Vita Chiesa
BETORI INAUGURA L’ANNO ACCADEMICO ALLA FACOLTÀ TEOLOGICA
I cristiani di oggi come i cristiani dei primi secoli: allora, i seguaci di Cristo si trovavano ad annunciare il Vangelo in condizioni di minoranza, facendo i conti con il paganesimo, con una molteplicità di dei e di culture, con il potere politico dell’Impero Romano. Oggi, spiega il segretario della Cei Giuseppe Betori, la situazione per certi versi è simile. E oggi come allora, l’annuncio del Vangelo «deve tener conto della situazione di vita di chi lo riceve, deve suscitare stupore, meraviglia, suscitare dubbi e interrogativi».

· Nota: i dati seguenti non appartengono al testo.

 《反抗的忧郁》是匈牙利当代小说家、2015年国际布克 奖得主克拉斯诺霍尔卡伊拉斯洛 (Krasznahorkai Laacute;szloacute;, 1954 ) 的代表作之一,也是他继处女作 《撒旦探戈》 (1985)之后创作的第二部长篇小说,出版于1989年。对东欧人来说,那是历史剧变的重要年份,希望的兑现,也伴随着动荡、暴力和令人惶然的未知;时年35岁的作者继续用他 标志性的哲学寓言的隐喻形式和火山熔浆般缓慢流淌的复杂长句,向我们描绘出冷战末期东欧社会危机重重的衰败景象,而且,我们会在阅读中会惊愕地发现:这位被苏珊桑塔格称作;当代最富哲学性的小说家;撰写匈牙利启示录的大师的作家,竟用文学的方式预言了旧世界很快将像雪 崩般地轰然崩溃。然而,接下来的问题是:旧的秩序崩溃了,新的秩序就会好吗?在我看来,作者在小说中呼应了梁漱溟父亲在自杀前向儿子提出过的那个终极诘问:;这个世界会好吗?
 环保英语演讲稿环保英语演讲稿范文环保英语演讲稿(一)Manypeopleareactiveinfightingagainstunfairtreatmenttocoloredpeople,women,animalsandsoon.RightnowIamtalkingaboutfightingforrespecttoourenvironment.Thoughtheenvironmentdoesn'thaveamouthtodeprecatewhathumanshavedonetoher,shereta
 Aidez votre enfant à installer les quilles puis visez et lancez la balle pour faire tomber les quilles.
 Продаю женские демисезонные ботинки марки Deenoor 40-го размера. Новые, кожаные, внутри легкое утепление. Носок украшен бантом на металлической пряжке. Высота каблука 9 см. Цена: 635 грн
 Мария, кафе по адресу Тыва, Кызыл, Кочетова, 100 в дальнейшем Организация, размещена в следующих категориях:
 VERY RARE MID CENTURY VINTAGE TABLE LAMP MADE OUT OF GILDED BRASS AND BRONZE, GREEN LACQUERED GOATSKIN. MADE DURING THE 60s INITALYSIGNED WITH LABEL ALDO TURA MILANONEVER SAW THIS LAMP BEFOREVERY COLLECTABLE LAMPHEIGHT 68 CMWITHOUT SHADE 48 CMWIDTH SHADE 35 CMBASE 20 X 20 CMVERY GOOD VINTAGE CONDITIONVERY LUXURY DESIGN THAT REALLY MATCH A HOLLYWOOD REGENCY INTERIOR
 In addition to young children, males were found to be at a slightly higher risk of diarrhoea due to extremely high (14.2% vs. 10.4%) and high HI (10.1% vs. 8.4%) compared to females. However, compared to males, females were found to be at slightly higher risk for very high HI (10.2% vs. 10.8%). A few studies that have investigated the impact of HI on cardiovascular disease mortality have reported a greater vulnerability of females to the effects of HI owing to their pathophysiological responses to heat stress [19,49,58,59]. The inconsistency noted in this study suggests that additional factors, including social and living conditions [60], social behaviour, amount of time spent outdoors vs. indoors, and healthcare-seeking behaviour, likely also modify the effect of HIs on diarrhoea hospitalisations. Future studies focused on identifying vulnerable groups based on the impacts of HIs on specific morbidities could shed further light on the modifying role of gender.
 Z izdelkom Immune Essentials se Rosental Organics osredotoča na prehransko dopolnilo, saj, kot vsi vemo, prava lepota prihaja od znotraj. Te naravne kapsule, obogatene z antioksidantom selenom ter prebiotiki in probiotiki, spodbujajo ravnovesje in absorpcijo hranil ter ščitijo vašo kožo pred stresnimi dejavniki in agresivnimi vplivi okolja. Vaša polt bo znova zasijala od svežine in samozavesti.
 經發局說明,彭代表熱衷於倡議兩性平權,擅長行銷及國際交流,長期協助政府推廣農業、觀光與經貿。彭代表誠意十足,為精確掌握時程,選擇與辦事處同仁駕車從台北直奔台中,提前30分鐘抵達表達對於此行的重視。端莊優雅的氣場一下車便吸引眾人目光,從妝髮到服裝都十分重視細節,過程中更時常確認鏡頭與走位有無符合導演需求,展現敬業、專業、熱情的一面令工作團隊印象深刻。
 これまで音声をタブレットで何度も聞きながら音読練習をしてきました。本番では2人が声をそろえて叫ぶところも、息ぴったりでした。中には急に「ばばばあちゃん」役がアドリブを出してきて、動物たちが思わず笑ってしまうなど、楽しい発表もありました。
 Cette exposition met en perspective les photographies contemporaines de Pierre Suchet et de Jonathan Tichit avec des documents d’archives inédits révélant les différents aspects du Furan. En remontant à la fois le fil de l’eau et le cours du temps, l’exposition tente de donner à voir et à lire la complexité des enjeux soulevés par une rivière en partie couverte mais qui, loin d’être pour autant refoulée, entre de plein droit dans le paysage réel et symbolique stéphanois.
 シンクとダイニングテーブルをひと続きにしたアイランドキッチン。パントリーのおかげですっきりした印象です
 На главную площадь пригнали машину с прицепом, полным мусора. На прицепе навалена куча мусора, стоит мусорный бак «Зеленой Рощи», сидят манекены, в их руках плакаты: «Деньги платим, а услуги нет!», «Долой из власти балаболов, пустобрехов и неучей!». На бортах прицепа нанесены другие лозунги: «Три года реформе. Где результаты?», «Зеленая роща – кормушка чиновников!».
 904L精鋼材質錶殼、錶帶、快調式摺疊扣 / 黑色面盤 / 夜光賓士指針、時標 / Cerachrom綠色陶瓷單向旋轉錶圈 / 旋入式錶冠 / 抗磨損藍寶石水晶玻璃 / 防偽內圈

La comunicazione del Vangelo in una società che cambia è stato il tema della prolusione che mons. Betori ha tenuto martedì a Firenze per l’inaugurazione del sesto anno accademico della Facoltà Teologica per l’Italia Centrale. Già nel 1995, ha ricordato Betori, nel messaggio al convegno di Palermo il Papa diceva che «è tempo di un nuovo annuncio», e i vescovi italiani invitavano a trovare nuove strade di evangelizzazione per raggiungere gli indifferenti e i lontani. «I nuovi orientamenti pastorali – ha proseguito – tengono conto del nuovo contesto culturale in cui la trasmissione della fede e dei valori cristiani da una generazione all’altra non è più, come era stato in passato, un fatto automatico. Questo è dovuto all’affievolirsi della pratica religiosa da parte dei cristiani, ma anche all’affermarsi di stili di vita molteplici, all’affacciarsi di fedi e culture nuove sul nostro territorio». I rischi allora sono quelli di «ridurre ogni credenza a mera opinione» e di «appiattirsi sull’oggi, secondo un riduzionismo materialista che non lascia spazio per lo spirito». In questa situazione, i cristiani devono riprendere in mano il Vangelo: «la cultura dei mass media chiede al cristianesimo di ridursi a ideologia umanistica, a sistema di precetti morali. Le ragioni del dialogo non devono essere tali da portare alla rinuncia all’annuncio cristiano, che non è una teoria sul mondo ma un messaggio che ha al suo centro la persona di Cristo». (R.B.)